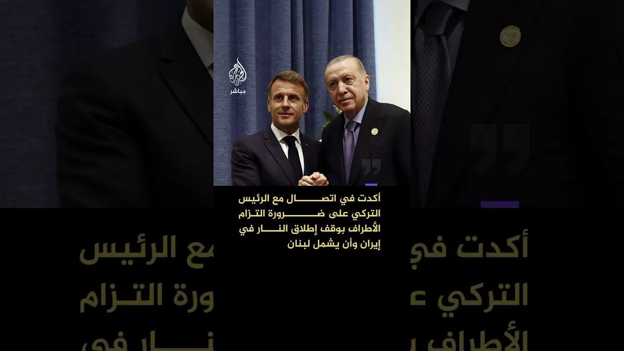 الرئيس الفرنسي: أكدت في اتصال مع الرئيس التركي على ضرورة التزام الأطراف بوقف إطلاق النار في إيران
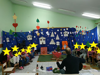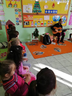 Μας ταξίδεψε στον κόσμο της μουσικής και τραγουδήσαμε μαζί με τη συνοδεία της κιθάρας διάφορα Χριστουγεννιάτικα τραγούδια. Τα παιδιά ήταν κατενθουσιασμένα και τον περίμεναν με ανυπομονησία μέχρι την επόμενη εβδομάδα,που θα ξαναερχόταν.
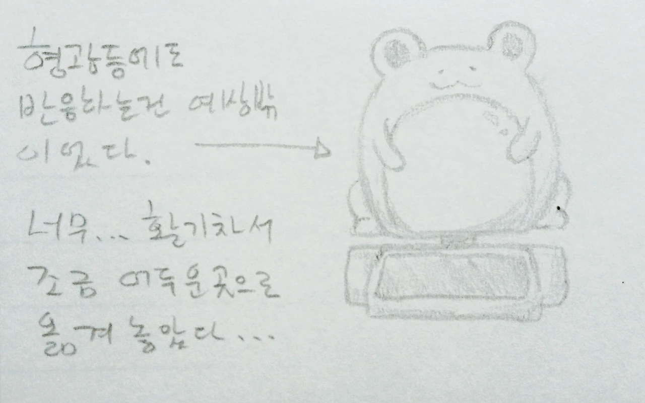 이 천 원짜리 개구리는 예상보다 시끄러웠다. 관절이 부서질 정도로 좌우로 머리를 흔드는 모습을 보니, 태평하다기보다는 볕이 뜨거우니 살려달라는 것처럼 보였다.
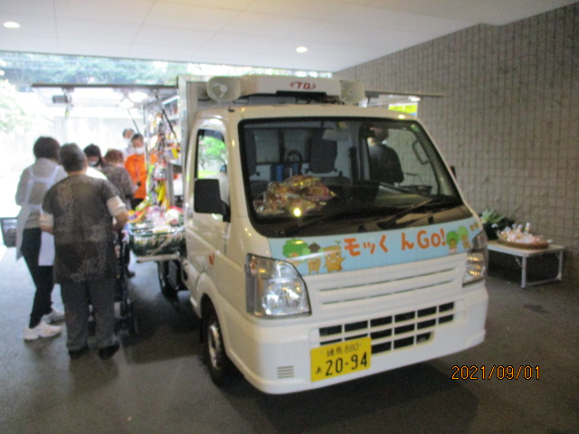 毎週水曜日午後1時になるとケアタウン成増のピロティーにダイエー移動販売車がやってきます。
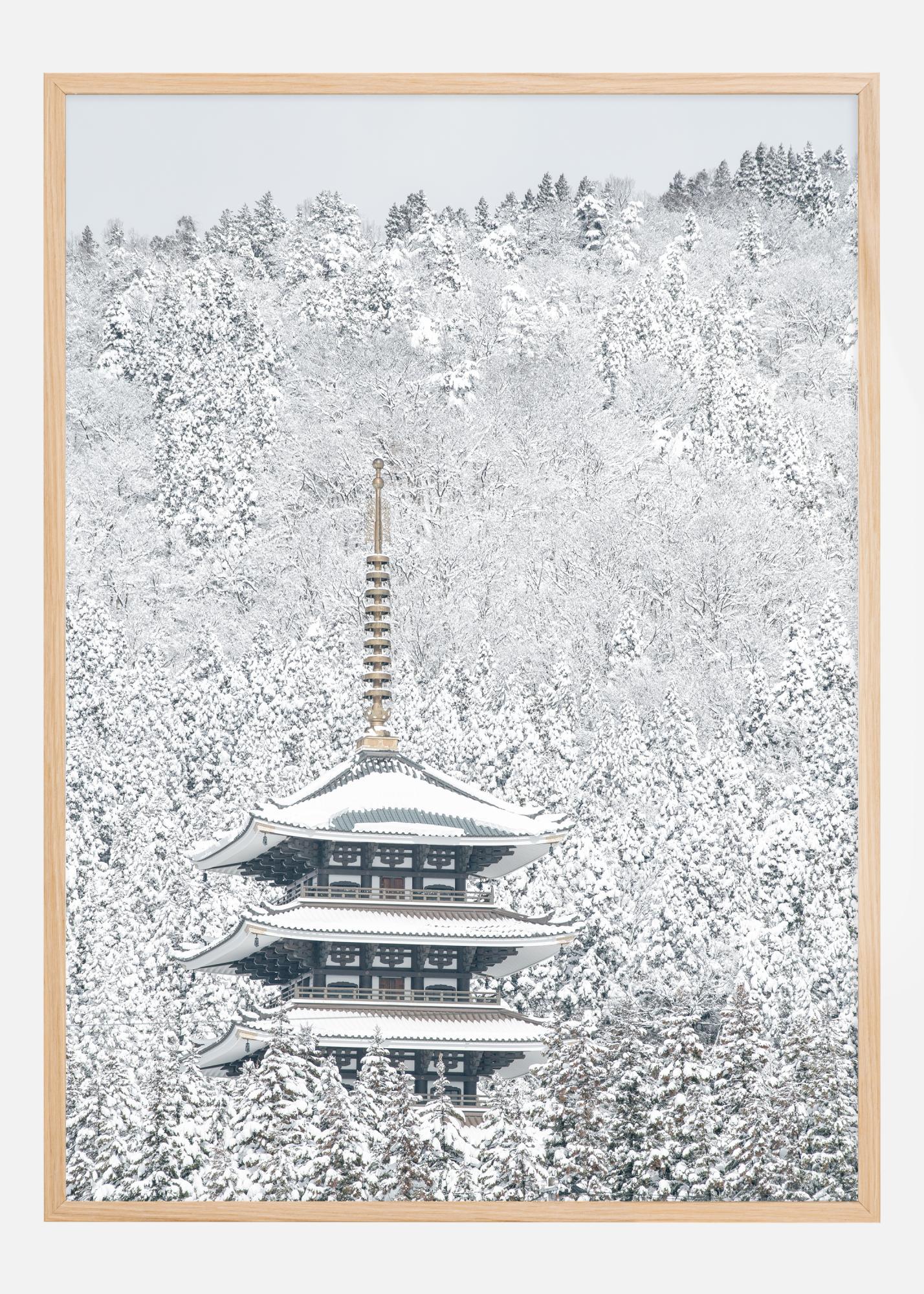 Denne stemningsfulle posteren fremkaller den fredfulle følelsen av et vinterkledd landskap, der en tradisjonell østasiatisk pagodebygning står majestetisk omgitt av et hav av snøtunge trær. Den subtile kontrasten mellom den delikate arkitekturen og de kraftfulle, frodige trærne, alle innhyllet i et tykt lag av snø, skaper et bilde av stillhet og isolasjon. Denne printen fanger perfekt den ensomme skjønnheten i vinternaturen, der nyansene av hvitt varierer fra sterkt, strålende lys til myke, dempede toner.

════════════════

— WHAT IS NEEDED —
In the records above, locate the line with "毎週水曜日午後1時になるとケ"; output it and each line after it through the last one, exactly, omitting pictures.

— SOLUTION FOR THIS TASK —
 毎週水曜日午後1時になるとケアタウン成増のピロティーにダイエー移動販売車がやってきます。
 Denne stemningsfulle posteren fremkaller den fredfulle følelsen av et vinterkledd landskap, der en tradisjonell østasiatisk pagodebygning står majestetisk omgitt av et hav av snøtunge trær. Den subtile kontrasten mellom den delikate arkitekturen og de kraftfulle, frodige trærne, alle innhyllet i et tykt lag av snø, skaper et bilde av stillhet og isolasjon. Denne printen fanger perfekt den ensomme skjønnheten i vinternaturen, der nyansene av hvitt varierer fra sterkt, strålende lys til myke, dempede toner.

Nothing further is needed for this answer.